*** Supplied material Section Begins ***

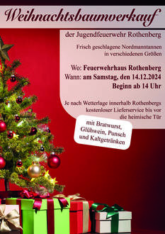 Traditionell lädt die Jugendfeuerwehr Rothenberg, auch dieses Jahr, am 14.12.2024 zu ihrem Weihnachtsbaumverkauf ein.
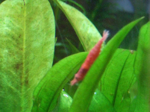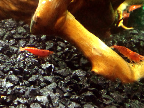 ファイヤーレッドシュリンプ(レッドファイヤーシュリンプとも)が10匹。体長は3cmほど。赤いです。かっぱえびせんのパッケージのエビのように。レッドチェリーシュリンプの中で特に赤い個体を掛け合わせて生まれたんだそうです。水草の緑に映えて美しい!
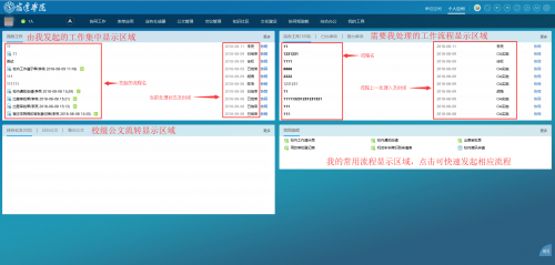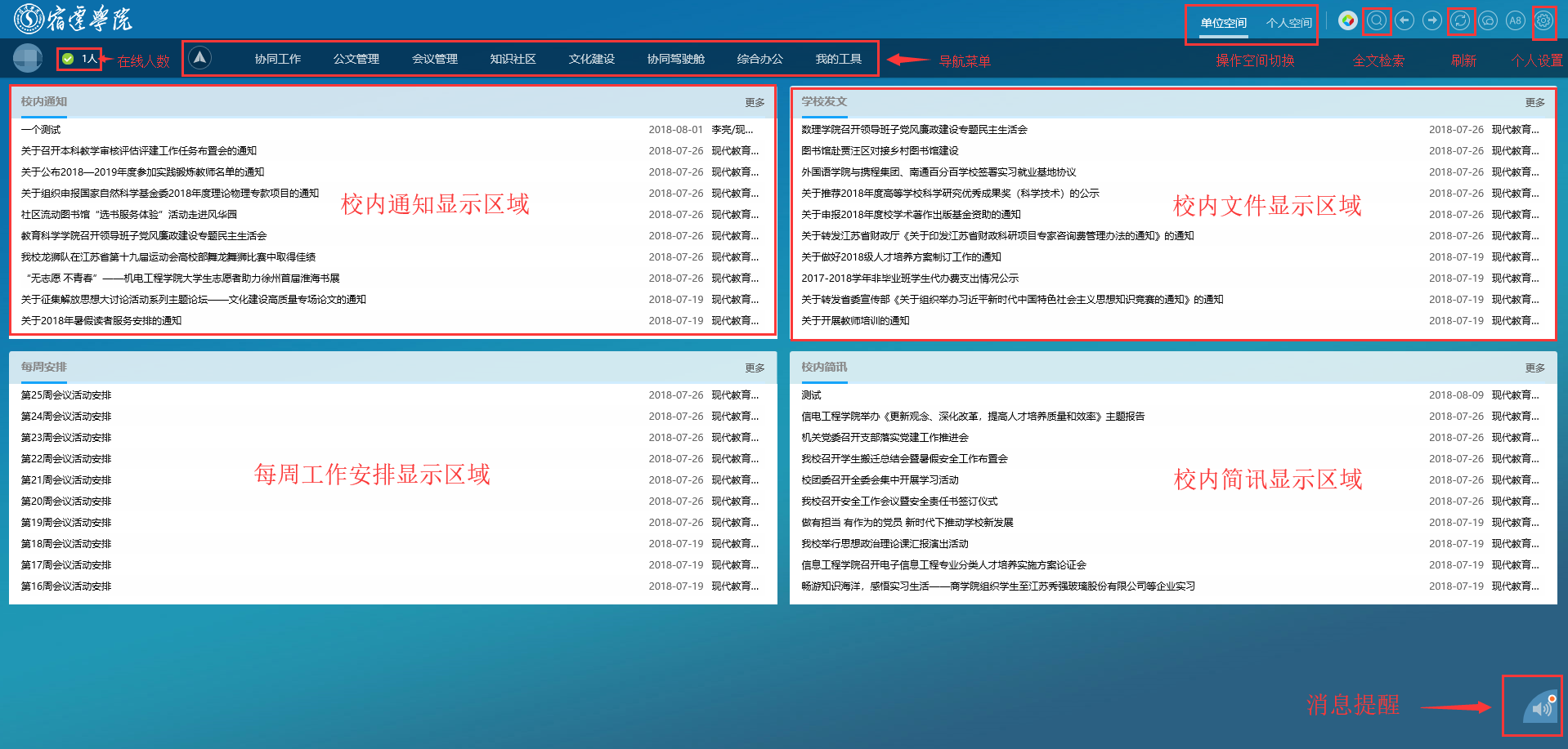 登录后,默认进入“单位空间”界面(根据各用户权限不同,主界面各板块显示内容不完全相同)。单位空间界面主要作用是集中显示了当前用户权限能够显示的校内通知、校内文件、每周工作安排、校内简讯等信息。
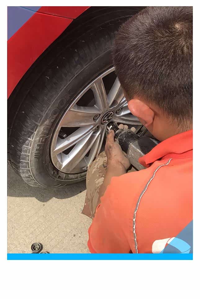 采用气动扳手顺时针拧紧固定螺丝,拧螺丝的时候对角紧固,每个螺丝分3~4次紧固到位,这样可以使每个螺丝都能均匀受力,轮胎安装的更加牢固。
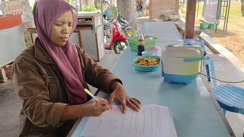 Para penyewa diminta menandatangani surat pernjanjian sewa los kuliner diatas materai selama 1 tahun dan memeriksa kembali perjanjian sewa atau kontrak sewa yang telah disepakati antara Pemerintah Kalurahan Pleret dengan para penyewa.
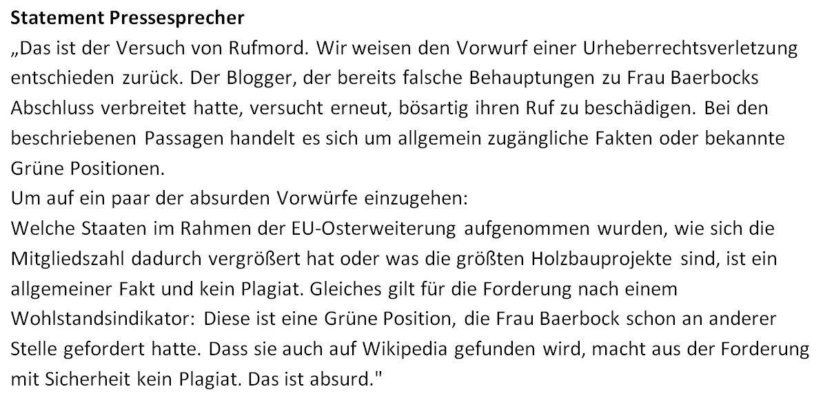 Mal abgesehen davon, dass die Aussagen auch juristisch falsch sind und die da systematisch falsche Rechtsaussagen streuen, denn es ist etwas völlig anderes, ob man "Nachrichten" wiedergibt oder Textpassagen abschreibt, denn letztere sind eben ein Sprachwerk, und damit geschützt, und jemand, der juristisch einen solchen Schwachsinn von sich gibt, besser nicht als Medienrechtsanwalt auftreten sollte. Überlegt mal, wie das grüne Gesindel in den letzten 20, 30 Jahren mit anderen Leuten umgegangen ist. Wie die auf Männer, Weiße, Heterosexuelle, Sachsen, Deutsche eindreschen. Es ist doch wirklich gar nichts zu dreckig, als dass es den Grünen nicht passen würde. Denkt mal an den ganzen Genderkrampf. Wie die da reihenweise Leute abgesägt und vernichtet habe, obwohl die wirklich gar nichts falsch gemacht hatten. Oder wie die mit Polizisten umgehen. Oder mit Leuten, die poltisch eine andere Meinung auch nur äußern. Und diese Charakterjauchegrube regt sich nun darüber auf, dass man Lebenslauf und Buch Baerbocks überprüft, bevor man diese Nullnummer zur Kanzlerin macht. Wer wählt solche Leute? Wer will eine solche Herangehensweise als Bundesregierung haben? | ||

*** Supplied material Section Ends ***
*** Supplied material Section Begins ***

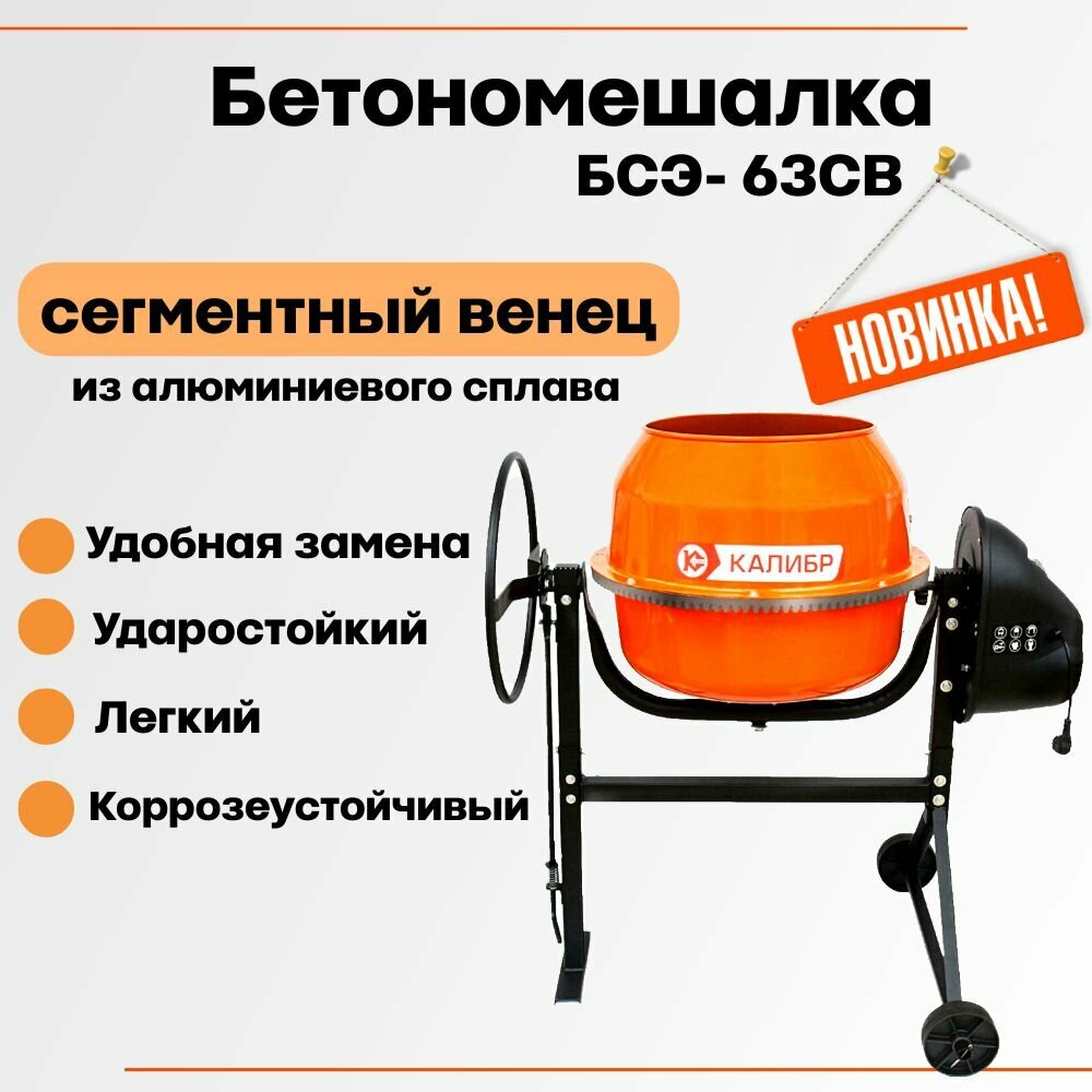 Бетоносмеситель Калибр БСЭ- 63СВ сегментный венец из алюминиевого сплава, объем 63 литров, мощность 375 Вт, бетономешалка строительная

*** Supplied material Section Ends ***

> **Problem to work on**
From the data above, retype only the lines starting with the line with "Traditionell lädt die" and going on through the line with "ファイヤーレッドシュリンプ(レッドファイ", exactly, leaving out the pictures.

> **Answer below**
 Traditionell lädt die Jugendfeuerwehr Rothenberg, auch dieses Jahr, am 14.12.2024 zu ihrem Weihnachtsbaumverkauf ein.
 ファイヤーレッドシュリンプ(レッドファイヤーシュリンプとも)が10匹。体長は3cmほど。赤いです。かっぱえびせんのパッケージのエビのように。レッドチェリーシュリンプの中で特に赤い個体を掛け合わせて生まれたんだそうです。水草の緑に映えて美しい!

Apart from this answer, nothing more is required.